I started with a LGB 50040 Track Cleaning Block but then went to a G Clean Track Cleaning Car (that has a LGB 50040 block in it). That worked pretty well but with all the grass stringy things from the surrounding trees the green layout had turned almost yellow.

Out came the leaf blower and it did a pretty good job of cleaning the rest of the layout.

Today I started on the main outside layout which was more challenging. The screened porch (where I run the trains from) was covered in dust & dirt plus a bunch of leaves had managed to get inside as well. A shop vac made a good start on the leaves and some of the dirt but everything still looked pretty dirty so the next step was to bring out the pressure washer - that cleaned up the porch.

The leaf blower got a lot of the tree trash off the deck with the buildings and track but everything still looked pretty dirty so I figured what the heck and started spraying everything with the pressure washer. 

I would not recommend it because obviously the plastic buildings were not designed to be pressure washed but I was surprised how much cleaner everything got and how relatively little damage was done to the buildings. All the buildings are 8 or more years old and many have started having a piece fall off here and there anyway so I figured that the pressure washer would give me a cleaner surface to glue stuff back together plus it got a lot of the black crud (mildew?) out of the outdoor carpeting. 

Part of my logic for using the pressure washer was that the track on this layout is stainless steel and the turnouts are nickel plated so I did not want to use any sort of abrasive cleaner on it. A side benefit was that the pressure of the water was actually able to cut some of the plants etc. where they were growing too close to the tracks (don't tell my wife). The pressure washer proved to be as effective as the leaf blower in blasting leaves from the tracks.

What's different about my layouts compared to most is that most garden railroaders go to a lot of work to bring dirt to their layout while I do everything possible to get dirt away from my "garden" layout.

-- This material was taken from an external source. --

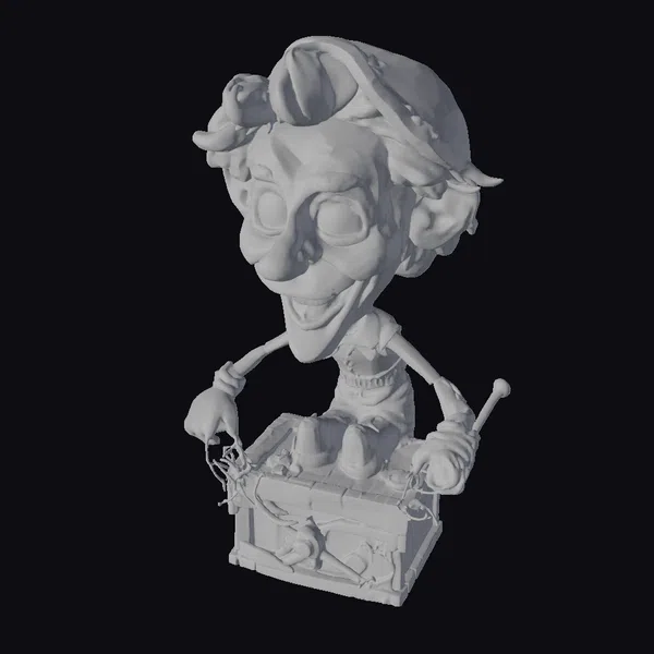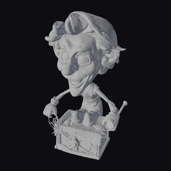 Perched atop a mechanical box, this puppet figure showcases intricate details such as a rusted cap, expressive facial features, and a tool in hand, suggesting a life of its own. The stylized character’s design combines a cartoonish appeal with a steampunk aesthetic, featuring metallic textures and a rustic color palette. The puppet’s pose and facial expression evoke a sense of joy and curiosity. Ideal for use in animation, games, or as a decorative piece, this model brings a touch of fantasy and whimsy to any project. Its unique design and detailed craftsmanship make it a standout addition to any collection.

How about you and your layouts? 

How do you handle spring cleaning?

Jerry


----------



## cape cod Todd (Jan 3, 2008)

Hey Jerry 
Getting my layout ready after a long winter involves a leaf blower since I am under so many trees. I also blast out the tunnels one of which is 15' long on a curve. Next I walk the line, close to 450', with a pole sander and a scotch brite pad attached to it and remove branches and pine cones. Usually 2-3 passes makes it conductive enough. Then I run a aristo track cleaner car pulled or pushed by a small engine ( by small I mean one that is easily and somewhat cheap to replace with few details to get damaged in case it takes a tumble off a bridge or trestle. Several loops with this later I put on a heavier engine, this year my new Heisler and walked it around the layout watching for spots that may have moved a bit or lost some ballast to let the track sag. Today a piece of track screwed to a 2x10 which warped a bit was derailing my pass train due to a severe change in level quickly from one side to the other. After some shiming it was ok. My buildings new and old will be heading out this weekend after the forecasted rain is over. 
I don't think I would take a pressure washer to my layout but I can see why you would. 
Happy warm summer days playing and working on the RR will soon be here.


----------



## Spule 4 (Jan 2, 2008)

Weeds.


----------



## Steve Stockham (Jan 2, 2008)

Spring cleaning on the KC&CRR begins with cutting away all of the dead plants and leaves, picking up trash that may have accumulated, re-staining the trestles and bridges (if needed), re-ballasting and levelling the track, pruning the evergreens and generally getting the mulch all cleaned out and re-layed (I'm ready to do the re-ballasting and then to start the pruning.) It will be another week or so before I'm ready to run trains on the layout. I won't begin new plantings for at least another two weeks but most of the layout is now perennials. Everything should be done by the third weekend in May which, coincidentally, happens to be the monthly meeting for the WAGRS club which we are hosting...


----------



## Semper Vaporo (Jan 2, 2008)

Spring --- what?


----------



## toddalin (Jan 4, 2008)

Where to start:

Beginning of the season:

Do track work to fix niggling problems or make comptemplated revisions.

Re-assess and revise electronics if they are not operating properly.

Clean all the engines ' wheels/sliders. Check coupler heights on rolling stock and fix any red tags.

Clean out the rivers and lake of mud and debris. Remove and wash the rocks of dirt/slime. Trim back the ground cover and fix the holes and cracks that have developed in the river. Repaint the the rivers and major rock features and put the cleaned rocks back in the river.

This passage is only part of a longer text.